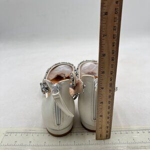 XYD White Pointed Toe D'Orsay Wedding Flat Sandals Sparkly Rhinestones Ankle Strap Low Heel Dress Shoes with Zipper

_ _ _ _ _

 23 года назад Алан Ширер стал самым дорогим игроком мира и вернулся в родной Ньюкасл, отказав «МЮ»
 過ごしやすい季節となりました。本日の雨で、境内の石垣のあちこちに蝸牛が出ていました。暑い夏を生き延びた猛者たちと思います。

_ _ _ _ _

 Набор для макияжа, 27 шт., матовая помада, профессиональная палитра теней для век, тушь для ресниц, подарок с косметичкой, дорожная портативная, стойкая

_ _ _ _ _

Copy the stretch of the records above that runs from the line with "23 года назад" through the line with "過ごしやすい季節となりました". Both end lines belong in the copy, and nothing else does.

 23 года назад Алан Ширер стал самым дорогим игроком мира и вернулся в родной Ньюкасл, отказав «МЮ»
 過ごしやすい季節となりました。本日の雨で、境内の石垣のあちこちに蝸牛が出ていました。暑い夏を生き延びた猛者たちと思います。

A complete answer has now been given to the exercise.